Está claro que Jesús no tiene ninguna
ambición política. Tras la multiplicación de los panes, la gente,
entusiasmada por el milagro, quería hacerlo rey, para derrocar el poder romano
y establecer así un nuevo reino político, que sería considerado como el reino
de Dios tan esperado. Pero Jesús sabe
que el reino de Dios es de otro tipo, no se basa en las armas y la violencia.
Y es precisamente la multiplicación de los panes la que se convierte, por una
parte, en signo de su mesianismo, pero, por otra, en un punto de inflexión de
su actividad: desde aquel momento el
camino hacia la Cruz se hace cada vez más claro; allí, en el supremo acto
de amor, resplandecerá el reino prometido, el reino de Dios. Pero la gente no
comprende, están defraudados, y Jesús se retira solo al monte a rezar, a hablar
con el Padre (cf. Jn 6, 1-15). En la narración de la pasión vemos cómo también
los discípulos, a pesar de haber compartido la vida con Jesús y escuchado sus
palabras, pensaban en un reino político, instaurado además con la ayuda de la
fuerza. En Getsemaní, Pedro había desenvainado su espada y comenzó a luchar,
pero Jesús lo detuvo (cf. Jn 18, 10-11). No quiere que se le defienda con las
armas, sino que quiere cumplir la voluntad del Padre hasta el final y
establecer su reino, no con las armas y
la violencia, sino con la aparente debilidad del amor que da la vida. El
reino de Dios es un reino completamente distinto a los de la tierra.
Y es esta
la razón de que un hombre de poder como Pilato
se quede sorprendido delante de un hombre indefenso, frágil y humillado, como
Jesús; sorprendido porque siente hablar de un reino, de servidores. Y hace
una pregunta que le parecería una paradoja: "Entonces, ¿tú eres
rey?". ¿Qué clase de rey puede ser un hombre que está en esas condiciones?
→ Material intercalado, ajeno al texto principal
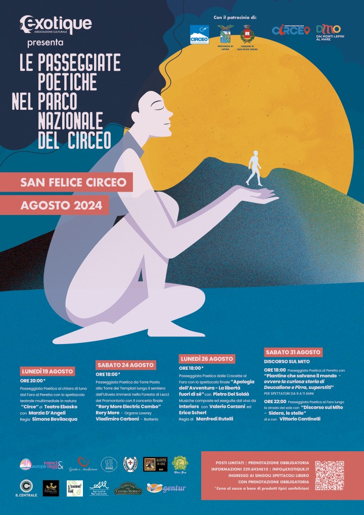 La manifestazione culturale ‘Le Passeggiate Poetiche nel Parco Nazionale del Circeo è giunta alla sua 14esima edizione. E’ stata ideata e realizzata dall’Associazione Exotique per promuovere e valorizzare il territorio del Circeo e le sue tradizioni, attraverso un cammino lento e il linguaggio delle arti performative, della musica, del teatro in natura e della prosa, per esaltare il patrimonio storico, naturalistico e culturale della zona.
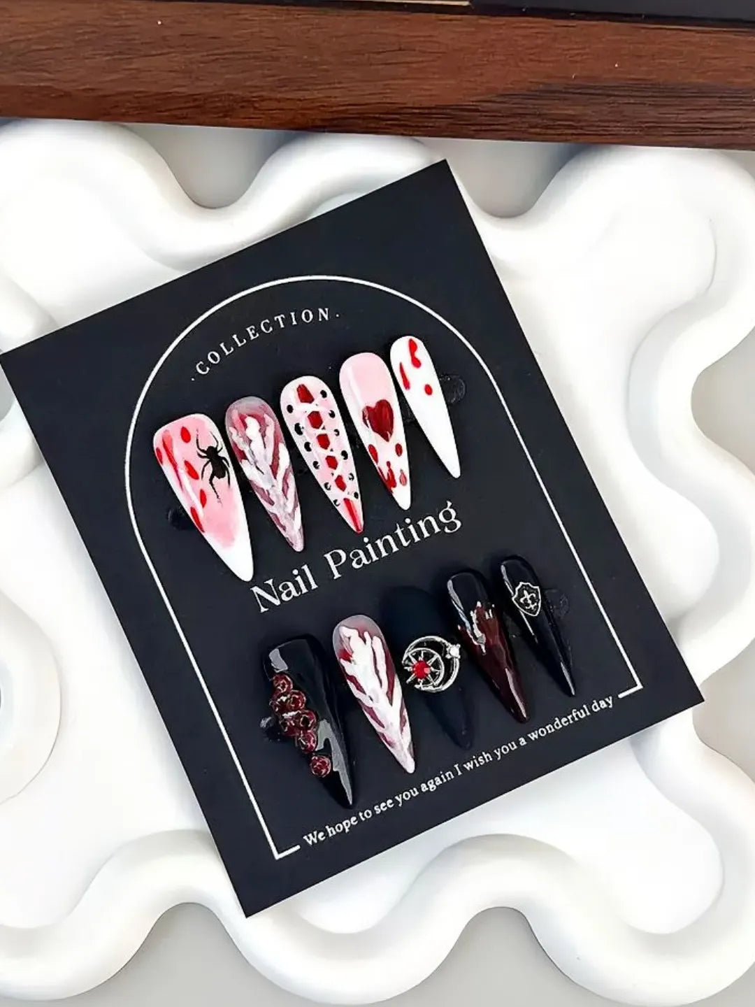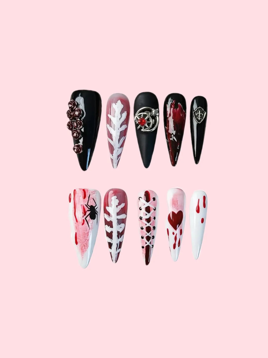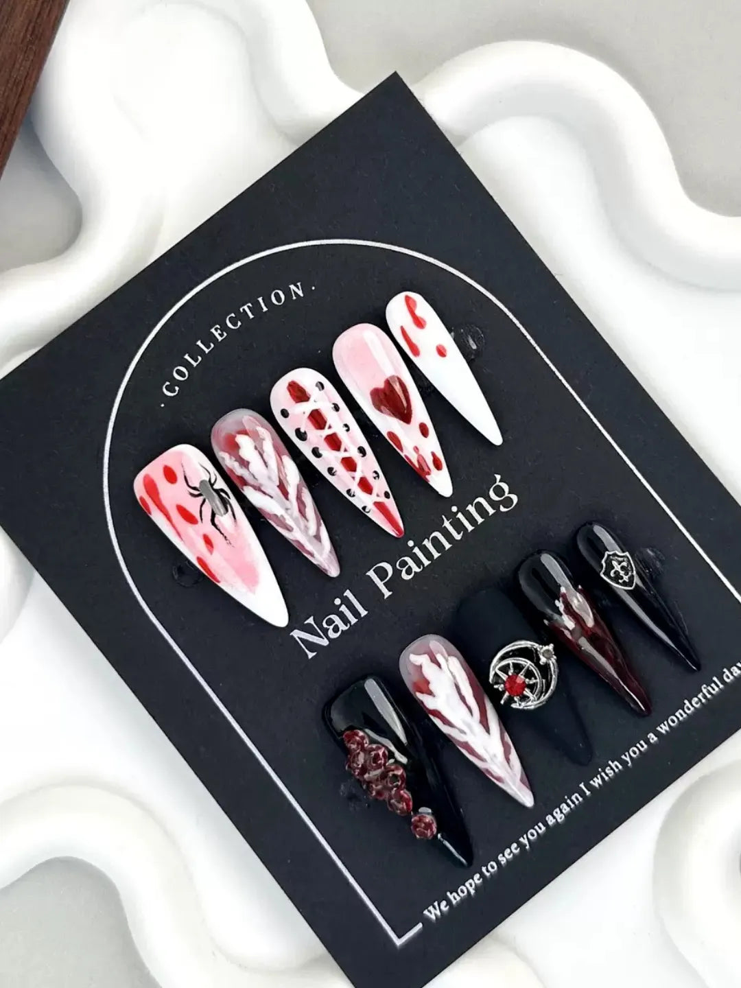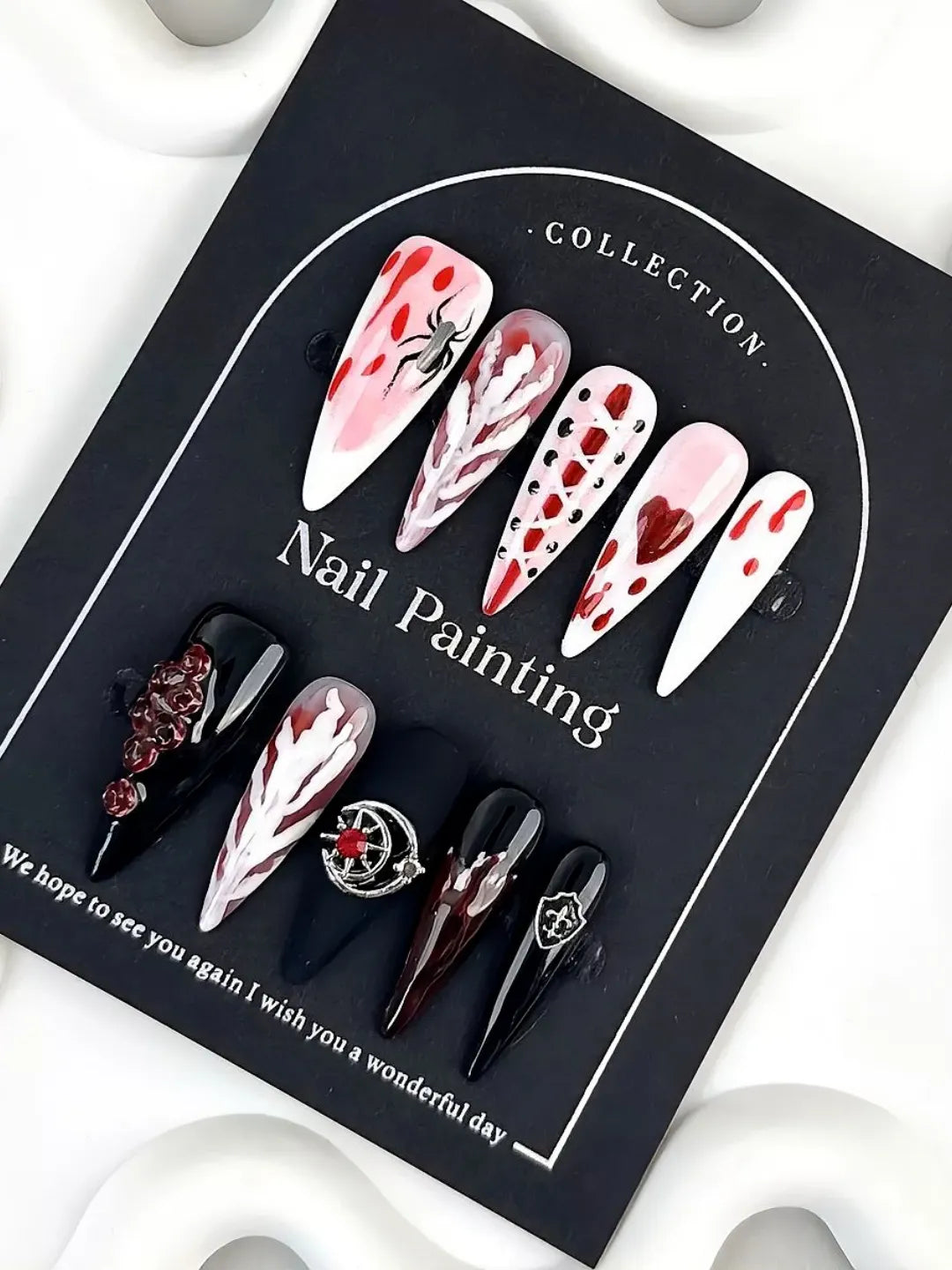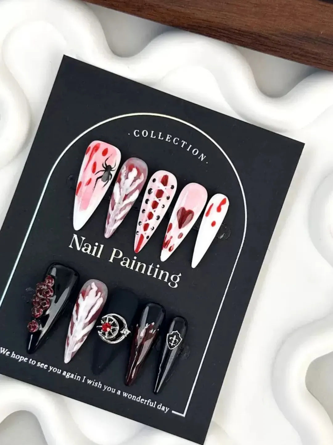 Halloween Night nails feature deep tones with spider and web details, subtle yet striking β the perfect mix of mystery and elegance for your Halloween look.
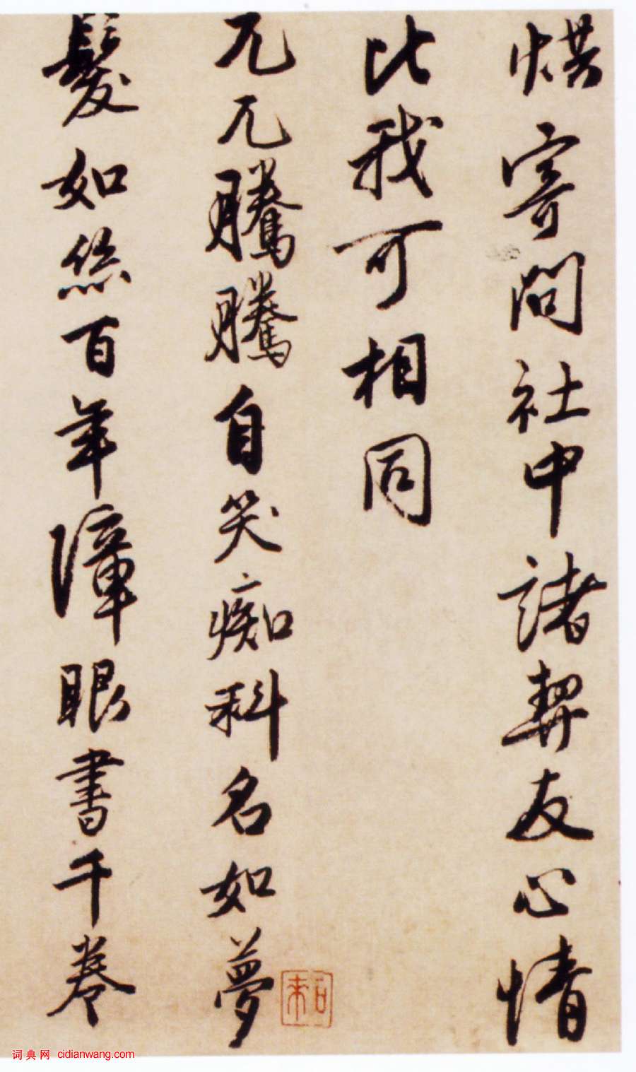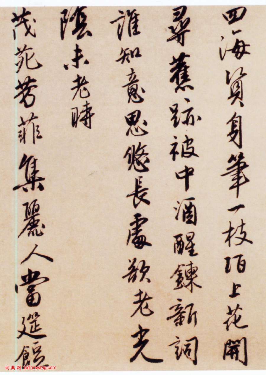 資源下載魏晉書法唐朝書法宋朝書法元朝書法明朝書法清朝書法近現代書法字典網>> 歷代書法>> 明朝>> 唐寅行書《贈西洲詩卷》(4)正文 唐寅行書《贈西洲詩卷》(4)作者:唐寅 書體:行書 首 頁 上一頁 1 2 3 4 5 6 下一頁 尾 頁唐寅的相關書法作品:唐寅行書《七言絕句四條屏》 唐寅行書《花下酌酒歌扇面》 唐寅行書《臨蘭亭序卷》 唐寅行書《跋宋王詵江山疊翠圖》 唐寅《行書七律卷》 唐寅《吳門避暑詩》 唐寅行書《千金良夜七言律詩軸》 唐寅行書《贈西洲詩卷》 唐寅行書《七律四首詩卷》 相關文章:王守仁行草《若耶溪送友詩稿》冊 (行草)王守仁《若耶溪送友詩稿》冊 行草書 27×12cm×15 紐約蘇富比2014...趙佶小楷《千字文》瘦金體 (小楷)趙佶小楷書千字文(局部) 縱30.9、橫322.1厘米,朱絲界欄,素箋本,上海博...唐寅行書自題《墨梅圖》 (行書)唐寅《墨梅圖》軸 紙本水墨,95.9×36.1cm 北京故宮博物院藏 此幅以...東漢《劉君殘碑》拓片 (隸書)東漢《劉君殘碑》拓片,東漢光和四年(181),發現於安陽縣豐樂鎮西門豹祠內。今存...張瑞圖《行草書前赤壁賦》 (行草)張瑞圖《行草書前赤壁賦》捲雲母箋 上海韓天衡氏私人藏張瑞圖行草書《前赤壁賦》簡介...王蒙《愛厚帖》 (行書)王蒙《愛厚帖》,紙本,行書,縱33.3厘米,橫58.7厘米。北京故宮博物院藏。王...蘇軾行書《職事帖》 (行書)蘇軾《職事帖》是一則信禮,亦稱《致主簿曹君尺牘》。 行書;紙本;縱27.8厘米,...王羲之《妹至帖》 (草書)【釋文】妹至羸情地難遣憂之可言須旦夕營耽之。王羲之《妹至帖》,摹本,縱25.3厘...懷素草書《自敘帖》 (草書)“天下第一草書”為唐代書法家懷素的《自敘帖》,書於唐大曆十二年(公元777年)。...蘇軾行書《久留帖》 (行書)東坡居士蘇軾行書信札《久留帖》紙本,25.1厘米×23.1厘米。書於1085年...

Pero Jesús responde de manera afirmativa: "Tú lo dices: soy rey. Yo para
esto he nacido y para esto he venido al mundo: para dar testimonio de la verdad. Todo el que es de la verdad
escucha mi voz" (Jn 18, 37). Jesús habla de rey, de reino, pero no se
refiere al dominio, sino a la verdad. Pilato no comprende: ¿Puede existir un
poder que no se obtenga con medios humanos? ¿Un poder que no responda a la lógica
del dominio y la fuerza? Jesús ha venido
para revelar y traer una nueva realeza, la de Dios; ha venido para dar
testimonio de la verdad de un Dios que es amor (cf. 1Jn 4, 8-16) y que quiere establecer un reino de justicia, de
amor y de paz (cf. Prefacio). Quien está abierto al amor, escucha este
testimonio y lo acepta con fe, para entrar en el reino de Dios.
Esta
perspectiva la volvemos a encontrar en la primera lectura que hemos escuchado. El profeta Daniel predice el poder de un
personaje misterioso que está entre el cielo y la tierra: "Vi venir
una especie de hijo de hombre entre las nubes del cielo. Avanzó hacia el
anciano y llegó hasta su presencia. A él se le dio poder, honor y reino, y
todos los pueblos, naciones y lenguas lo sirvieron. Su poder es un poder eterno, no cesará. Su reino no
acabará" (Dn 7, 13-14). Se trata de palabras que anuncian un rey que
domina de mar a mar y hasta los confines de la tierra, con un poder absoluto
que nunca será destruido. Esta visión del profeta, una visión mesiánica, se
ilumina y realiza en Cristo: el poder del verdadero Mesías, poder que no tiene
ocaso y que no será nunca destruido, no es el de los reinos de la tierra que
surgen y caen, sino el de la verdad y el
amor. Así comprendemos que la realeza anunciada por Jesús de palabra y
revelada de modo claro y explícito ante el Procurador romano, es la realeza de la verdad, la única que da
a todas las cosas su luz y su grandeza.
En la segunda lectura, el autor del
Apocalipsis afirma que también nosotros participamos de la realeza de Cristo.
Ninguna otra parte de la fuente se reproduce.